Santa Barbara City Council unanimously upheld an appeal to preserve the Italian stone pines along Anapamu Street, a decision commissioners and staff said reflected unusually strong public comment and concerns about how the municipal code treats living, non‑structural cultural resources.
Public commenters and commission staff said the council’s decision — announced after the appeal hearing — affirms an intent that replacements for removed Italian stone pines should be the same species (Italian stone pine) whenever possible. Ellen Kokkin, the city’s design review supervisor, told the commission the council vote was unanimous (Council Member Sneddon absent) and that staff expects a council resolution that will state the city’s intent to maintain Italian stone pines in place and, where a tree is lost, to replace it in kind.
Why it matters: Commission members and members of the public framed the case as more than a disagreement over street trees.

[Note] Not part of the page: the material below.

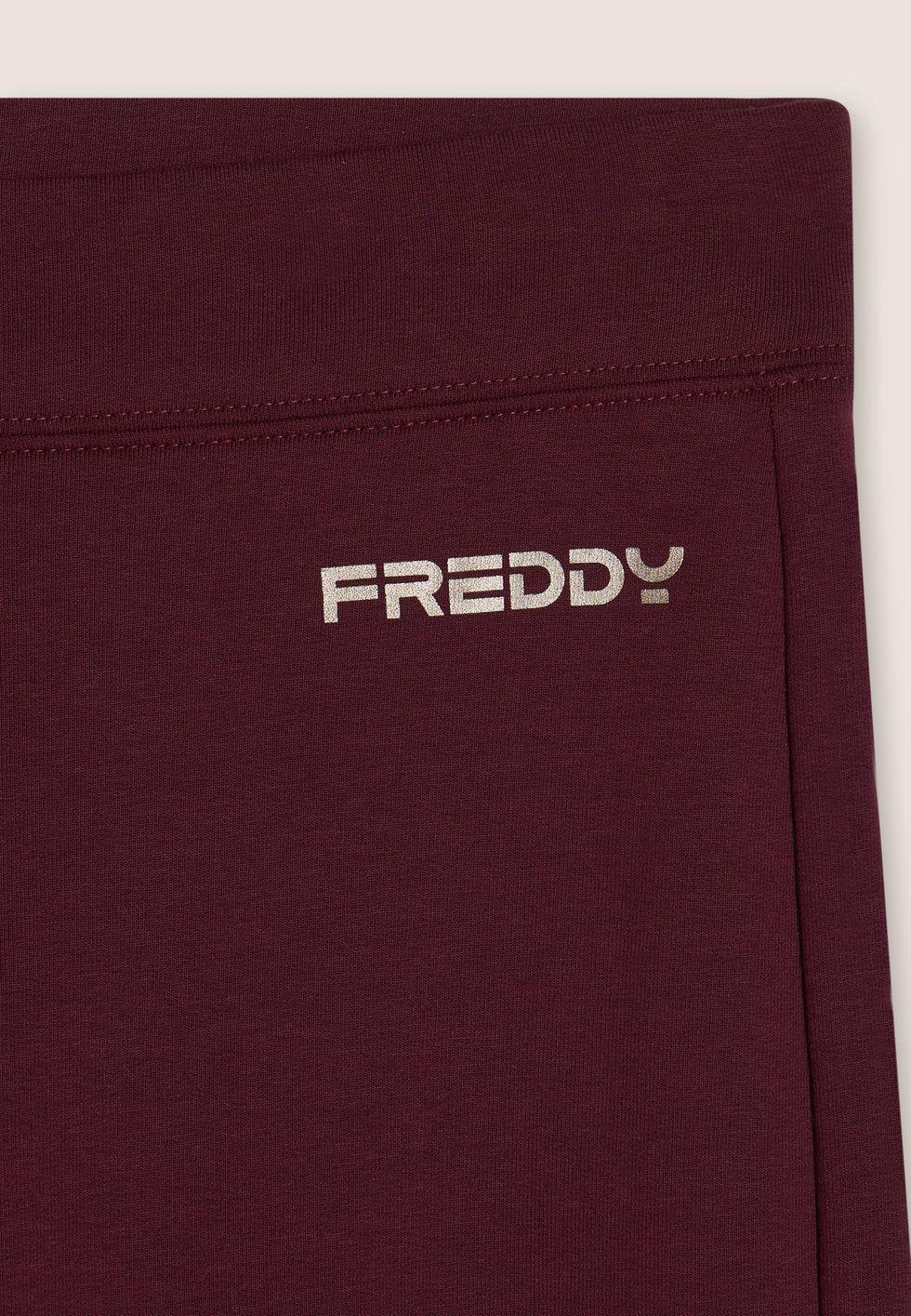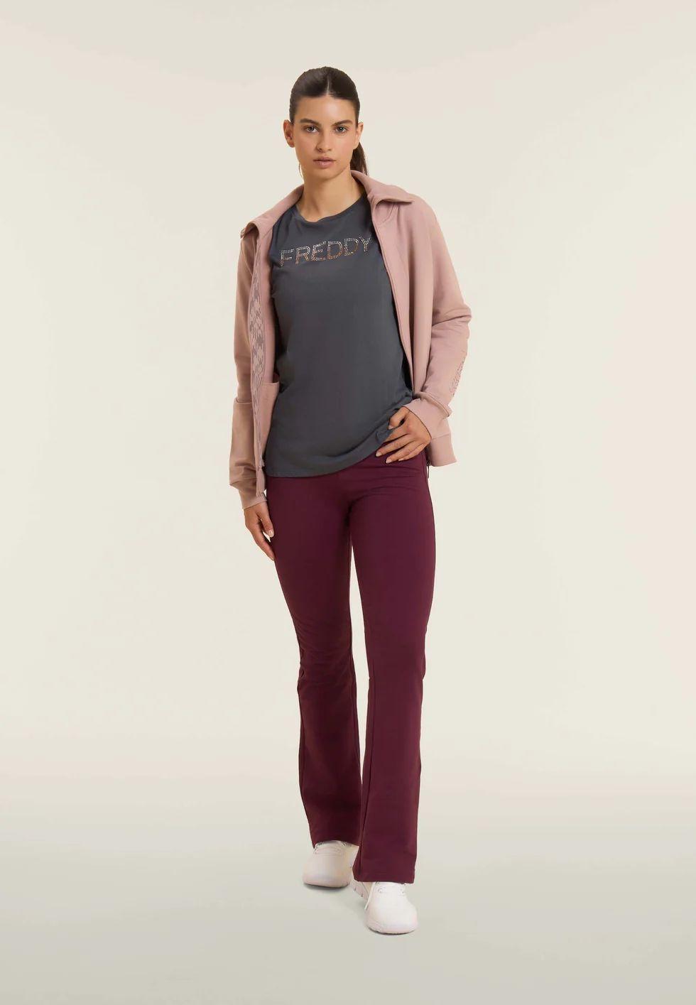 Leggings dal fondo leggermente svasato in felpa garzata elasticizzata. Vestibilità aderente e lunghezza regular con vita regular ed elastico interno. Il logo FREDDY è stampato sul fianco sinistro. Privi di tasche.

Commenters and several commissioners said the episode showed municipal rules are focused on built, architectural landmarks and lack clear guidance for living cultural resources such as landmark trees and canopies. That lack of clarity, they said, led to prolonged review and an appeal to the council.

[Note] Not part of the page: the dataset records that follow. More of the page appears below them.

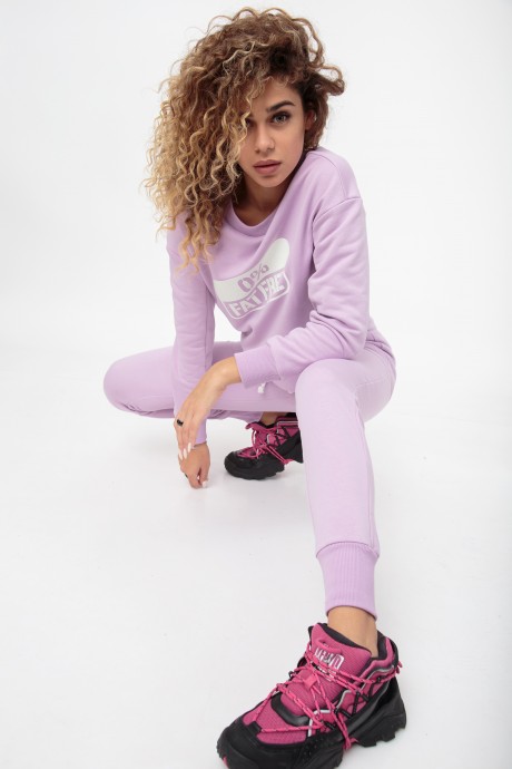 Женский костюм выполнен из хлопкового трикотажа футер 3х-нитка. Чуть укороченный свитшот с приспущенным плечом свободного прилегания. Манжеты и низ, как и низ брюк, на трикотажном довязе кашкорсе. Украшен аппликацией "fat free" светящейся в темноте. Брюки с карманами, пояс на резинке. Длина свитшота по спинке 50 см., длина рукава от горловины 69 см. Длина брюк по боковому шву 102 см., по шаговому шву 81см. Рост модели на фото 173см.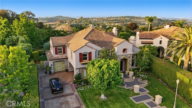 Welcome to 18 Asilomar Road, a beautifully customized estate nestled in the prestigious guard-gated enclave of Ocean Ranch, along the famed French Riviera of California. Tucked away on a quiet cul-de-sac in Laguna Niguel, this 5-bedroom, 4.5-bathroom residence offers over 4,200 square feet of refined coastal living. The grand primary suite upstairs is a true sanctuary, featuring dual walk-in closets and a spa-inspired bathroom with a soaking tub, walk-in shower, and dual vanities. Downstairs, a generously sized junior suite with its own full bath and walk-in closet provides the perfect layout for guests, multigenerational living, or a private home office. Designed with both everyday comfort and upscale entertaining in mind, the gourmet kitchen showcases an oversized center island, walk-in butler’s pantry, and double ovens. Elegant Brazilian hardwood and marble flooring, soaring ceilings, and four fireplaces create an atmosphere of timeless sophistication. Step outside to your private resort-style backyard with a built-in BBQ, outdoor fireplace, spa, and sweeping views of Saddleback Mountain. Residents enjoy exclusive Ocean Ranch amenities: a resort-style pool, spa, sport court, and playground — all minutes from Dana Point Harbor, the Waldorf Astoria, Ritz-Carlton, world-class golf, and award-winning schools.
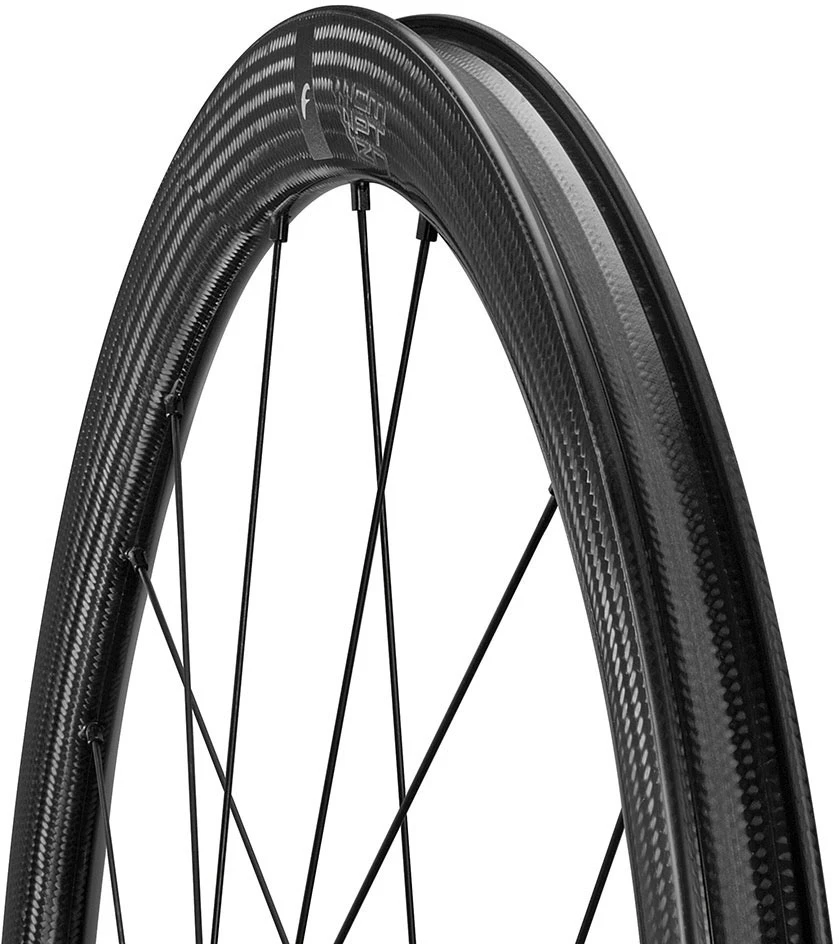 Dieser Rennrad-Laufradsatz ist auf Geschwindigkeit ausgelegt und verfügt über zwei hochwertige Vollcarbon-Felgen mit einem „Twill“-Carbon-Finish, wodurch er den Anforderungen des modernen Rennradsports mehr als gewachsen ist. Die Carbonfelgenkonstruktion bietet außerdem erhöhte Festigkeit, verbesserten Rollwiderstand und ein insgesamt geringeres Gewicht auf Ihrer Fahrt, sodass Sie in der Ebene von leichterem Klettern und schnelleren Sprints profitieren können.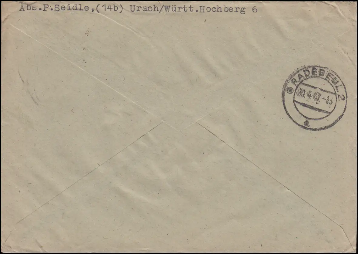 avec le cachet d'arrivée RADEBEUL 20.4.47 Numéro de catalogue: 3+7 Vérification: original Référence produit: 00000000021607>Note: Cet article n'est disponible qu'une seule fois. Vous recevrez exactement l'article représenté.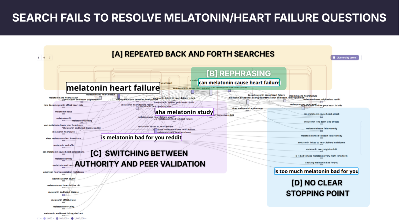 Trend analysis indicates that recent growth among large-volume supplement keywords is concentrated in safety- and risk-related queries. The melatonin case study illustrates how these concerns surface in search behavior, producing dense topic clusters and extended search paths as users seek clarification.

What speakers told the commission - Rick Clawson and Sherry Ray, two public commenters who filed speaker slips, credited public input and the written record with persuading council members to uphold the appeal. Clawson supplied an appeal record and public comment materials to the commission. Sherry Ray urged creation of an Office of Historic Preservation to provide a standing voice and to help coordinate historical and cultural expertise earlier in disputes. - Ellen Kokkin (Design Review Supervisor) told commissioners that the council found the appellants’ presentation persuasive and said staff will prepare a council resolution to clarify that the Italian stone pine is the intended species for replacement when a designated tree is lost. - Multiple commissioners said the case exposed a gray area in the Santa Barbara Municipal Code: while buildings and structures are well defined, cultural resources that are living (trees, landscapes) are not spelled out consistently and need clearer standards. Commissioner Enzberg noted the commission has only a handful of designated landmark trees — she stated “we have 7 trees, basically” — and said the city needs rules about what happens when a landmark tree dies or must be removed.

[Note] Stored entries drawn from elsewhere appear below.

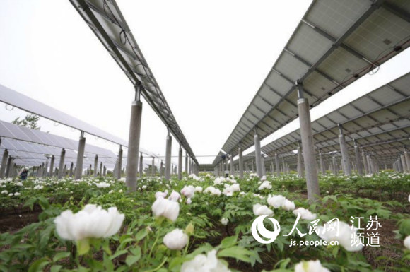 光伏板整齊排列,白牡丹搖曳生姿,幾位農(nóng)民正忙著給牡丹除草松土?!斑@是我們種植的油用牡丹,也是我們探索的農(nóng)光互補(bǔ)新模式?!眳f(xié)鑫新能源副總裁張耀邦指著綿延數(shù)里的牡丹花海說。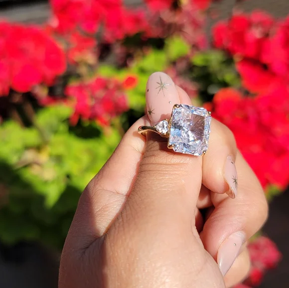 large cz statement ringsolid 10kt yellow gold clear triangle cz on both sides size 8.25, free resize 5.9 gramspreownedg5
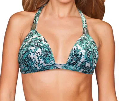Plunge Triangle Halter Bikini Top In Peacock Bandana In Green
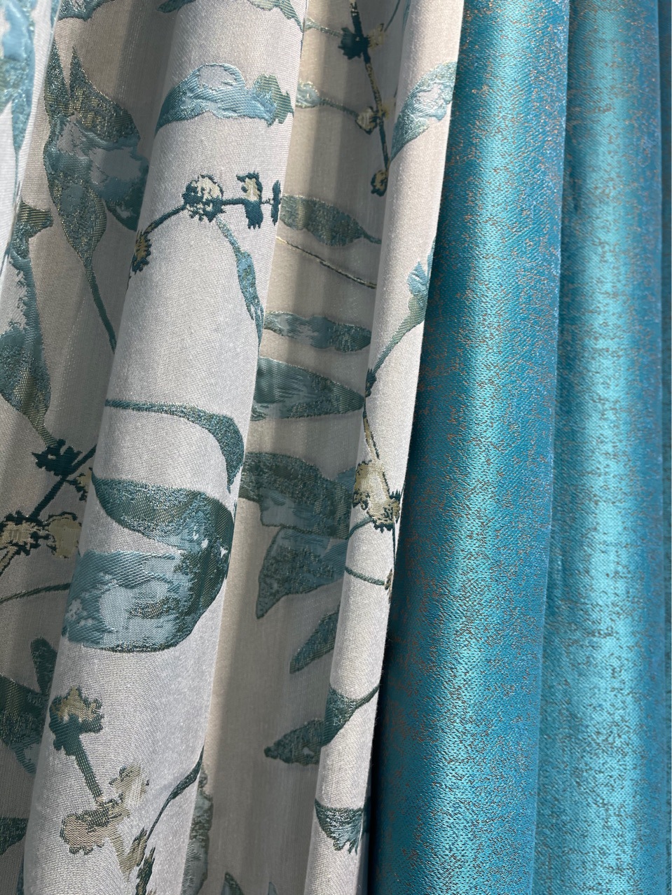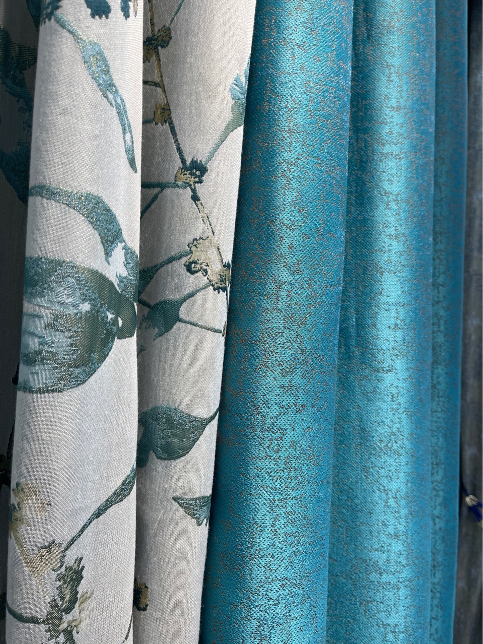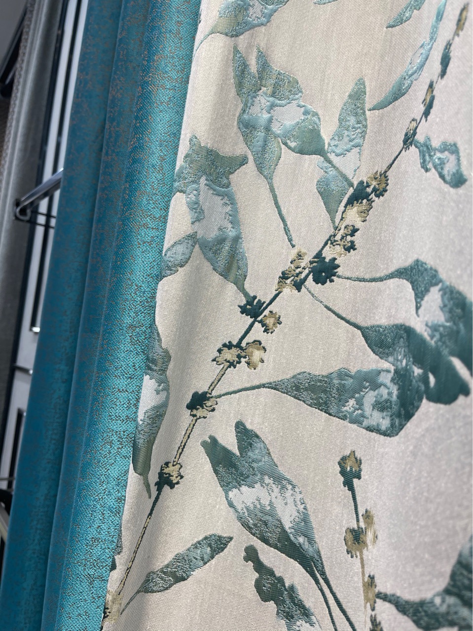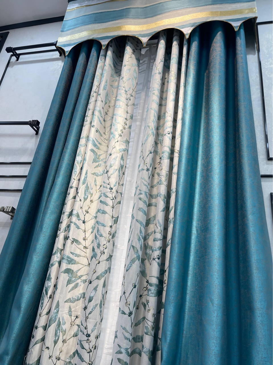 2021 대외 무역 그린 골드 실크 리프 스티칭 커튼 엔트리 럭셔리 패션 미국 목가적 인 거실 침실 북유럽 스타일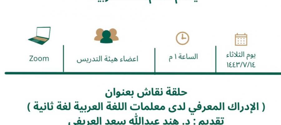 Topic: الإدراك المعرفي لدى معلمات اللغة العربية لغة ثانية

What the commission will do next: Staff said it will prepare an agenda item to open a discussion on “cultural landscapes and biological heritage,” including training resources and possibly new guidance or a supplemental chapter in the commission’s guidelines. Commissioners suggested consulting national guidance on cultural landscapes and bringing relevant experts to inform local policy.
Context and limits: The commission emphasized the council decision addressed the Anapamu appeal and does not itself create citywide code changes. Several speakers noted that the Secretary of the Interior’s guidance on cultural landscapes exists but often lacks the level of detail needed to resolve tree‑by‑tree disagreements at the local level.
Ending: Commissioners and staff said the issue revealed an immediate technical need — clearer local procedures and definitions for living cultural resources — and a longer term policy task: whether to create local enforcement, monitoring, or a specialist office (an Office of Historic Preservation) to coordinate decisions that cross Parks, Public Works, and historic preservation responsibilities.